Hello,

I'm looking for some guidance on the best steps for tuning a solr cloud
cluster which is heavy on writes. We are currently running a solr cloud
fleet composed of one core, one shard, and three nodes. The cloud is hosted
in AWS, and each solr node is on its own linux r3.2xl instance with 8 cpu
and 61 GiB mem, and a 2TB EBS volume attached. Our index is currently 550
GiB over 420M documents, and growing quite rapidly. We are currently doing
a bit more than 1000 document writes/deletes per second.
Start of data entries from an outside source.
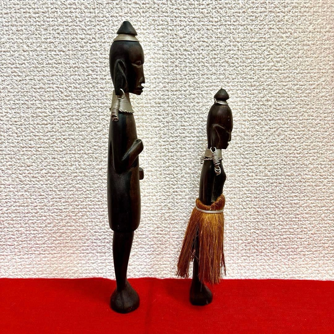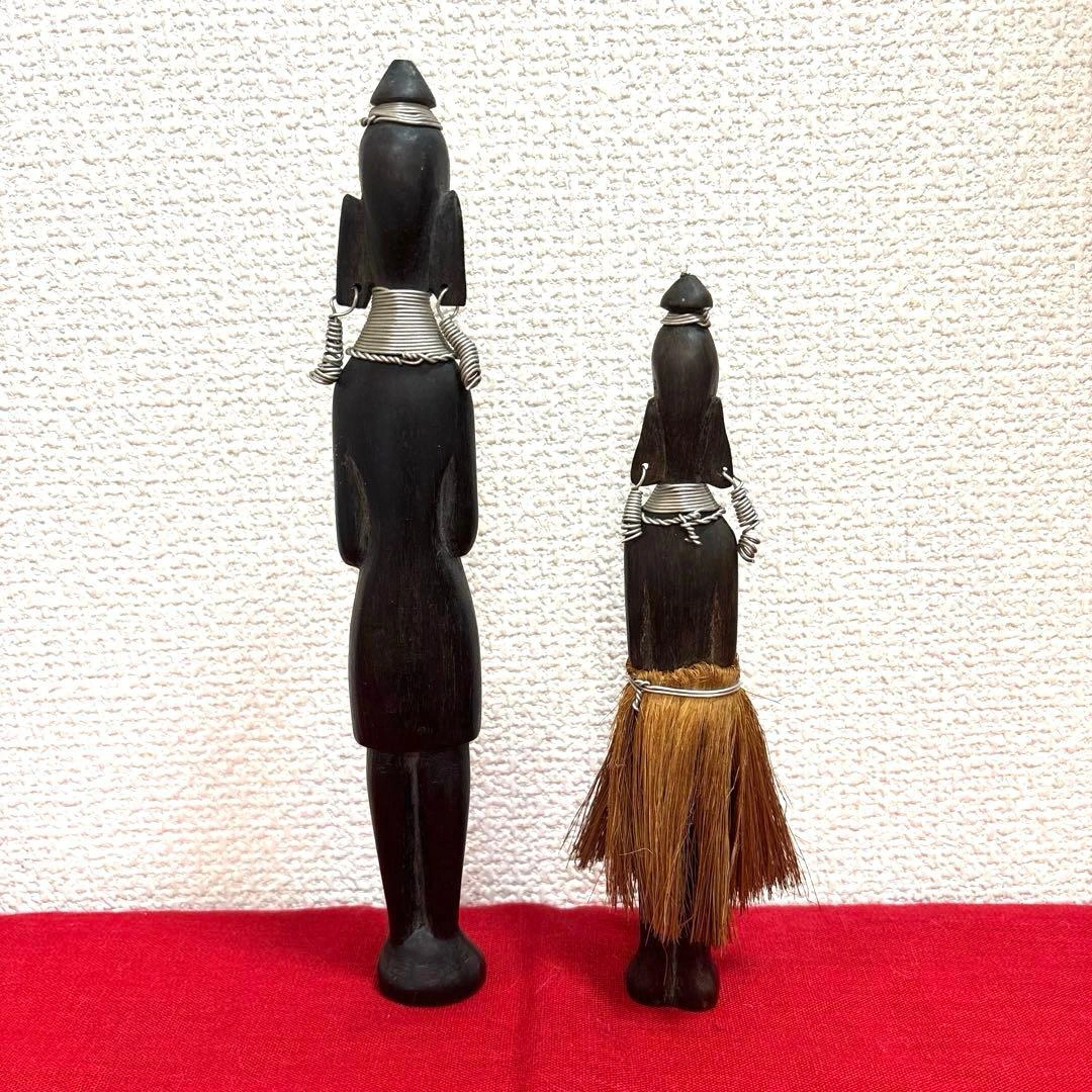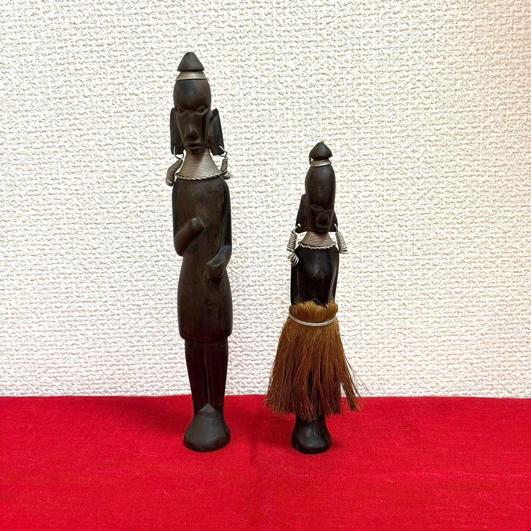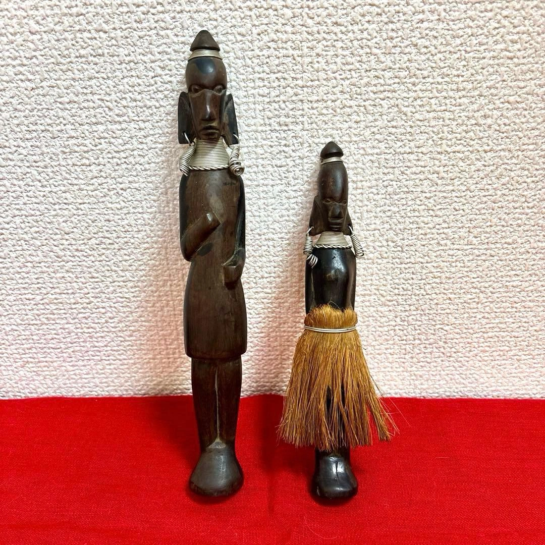 ご覧頂きましてありがとうございます! 家族がかなり前に海外で購入し、長期自宅保管しておりました。 古いものにご理解のある方でお願い致します。 ✴︎サイズ 体長 約20〜25㎝(2体合わせて記載) 元はヤリを持っていたのか?(写真6枚目)分かりかねますがご理解頂ける方でお願い致します。 キャンセル、返品、商品お受け取り後のクレームなどは不可でご了承頂けるようお願い致します。 - 素材: 木製 - デザイン: 彫刻 - 特徴: 装飾的な首飾りとピアス 草のスカート - スタイル: アフリカンアート #民芸品 #オブジェ #木彫人形 #木彫り
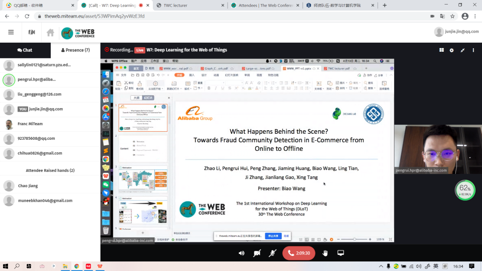 DASFAA2021会议于4月11日至4月13日在中国台北召开,WWW2021会议于4月19日至4月30日在斯洛文尼亚召开。鉴于当前国内外疫情形势,会议均改为线上进行。论文的作者靳俊杰同学代表课题组分别对这两篇论文进行了介绍并与参会者进行了详细讨论。
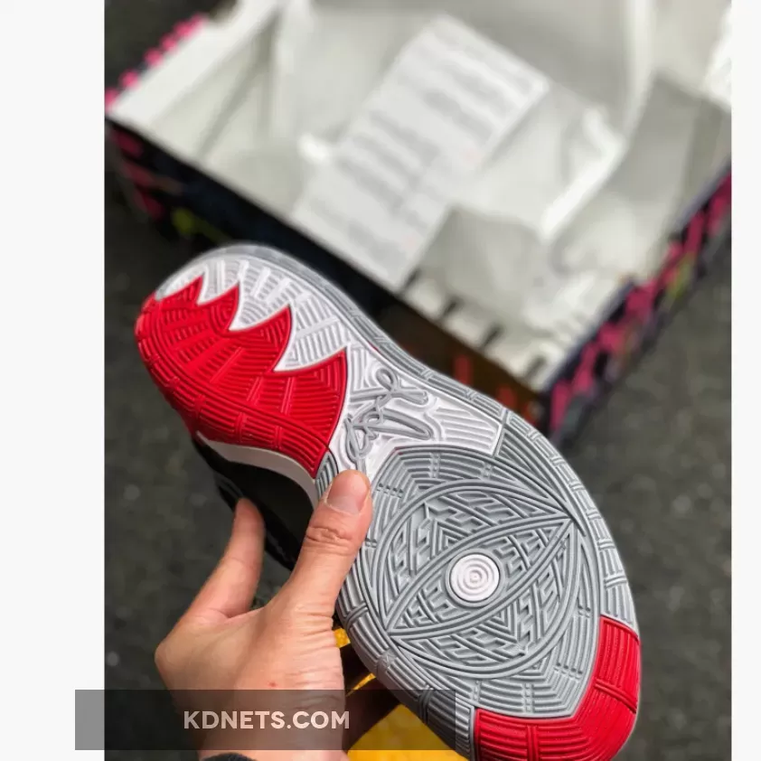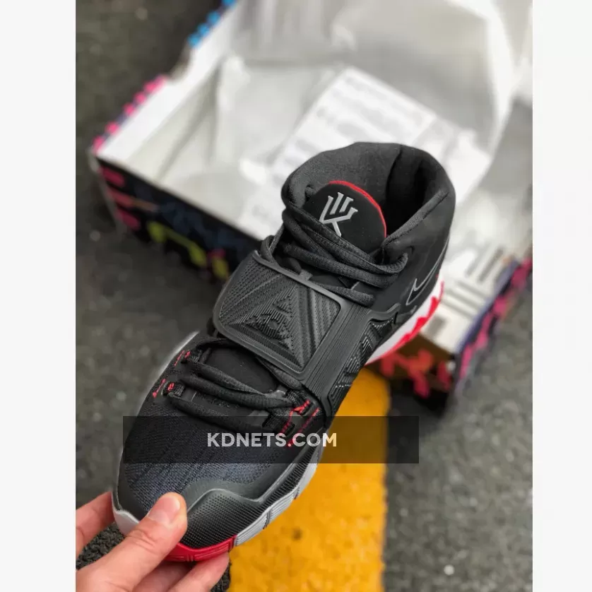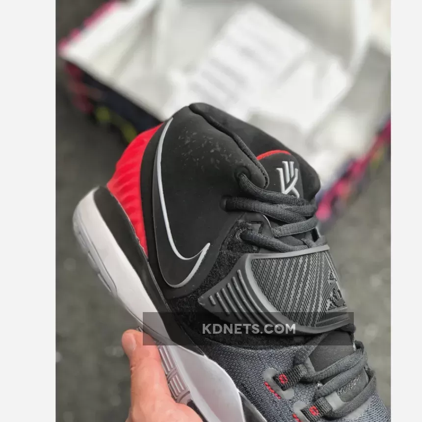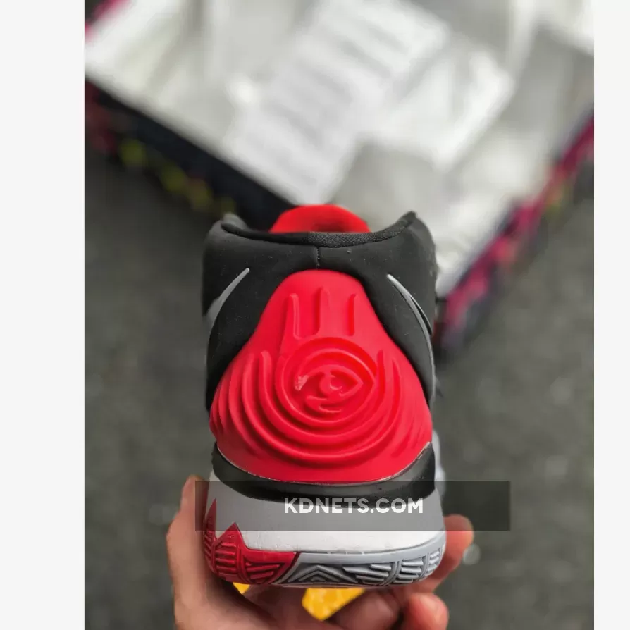 This Nike Kyrie 6 comes with Black mesh on the upper while nubuck covers the heels. Red then lands heel and small stitching on the eyelet.
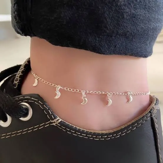 Tornozeleira de prata com pingentes de lua, perfeito para dar um toque especial ao seu visual. Design elegante e moderno.
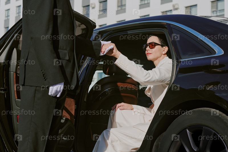 Женщина среднего возраста держит руку водителя, покидая роскошное транспортное средство

Recently, we've hit some trouble with our production cloud. We have had the
process on individual instances die a few times, and we see the following
error messages being logged (expanded logs at the bottom of the email):

ERROR - 2016-04-26 00:56:43.873; org.apache.solr.common.SolrException;
null:org.eclipse.jetty.io.EofException

WARN  - 2016-04-26 00:55:29.571; org.eclipse.jetty.servlet.ServletHandler;
/solr/panopto/select
java.lang.IllegalStateException: Committed

WARN  - 2016-04-26 00:55:29.571; org.eclipse.jetty.server.Response;
Committed before 500 {trace=org.eclipse.jetty.io.EofException


Another time we saw this happen, we had java OOM errors (expanded logs at
the bottom):

WARN  - 2016-04-25 22:58:43.943; org.eclipse.jetty.servlet.ServletHandler;
Error for /solr/panopto/select
java.lang.OutOfMemoryError: Java heap space
ERROR - 2016-04-25 22:58:43.945; org.apache.solr.common.SolrException;
null:java.lang.RuntimeException: java.lang.OutOfMemoryError: Java heap space
...
Caused by: java.lang.OutOfMemoryError: Java heap space


When the cloud goes into recovery during live indexing, it takes about 4-6
hours for a node to recover, but when we turn off indexing, recovery only
takes about 90 minutes.

Moreover, we see that deletes are extremely slow. We do batch deletes of
about 300 documents based on two value filters, and this takes about one
minute:

Research online suggests that a larger disk cache
<https://wiki.apache.org/solr/SolrPerformanceProblems> could be helpful,
but I also see from an older page
<http://wiki.apache.org/lucene-java/ImproveSearchingSpeed> on tuning for
Lucene that turning down the swappiness on our Linux instances may be
preferred to simply increasing space for the disk cache.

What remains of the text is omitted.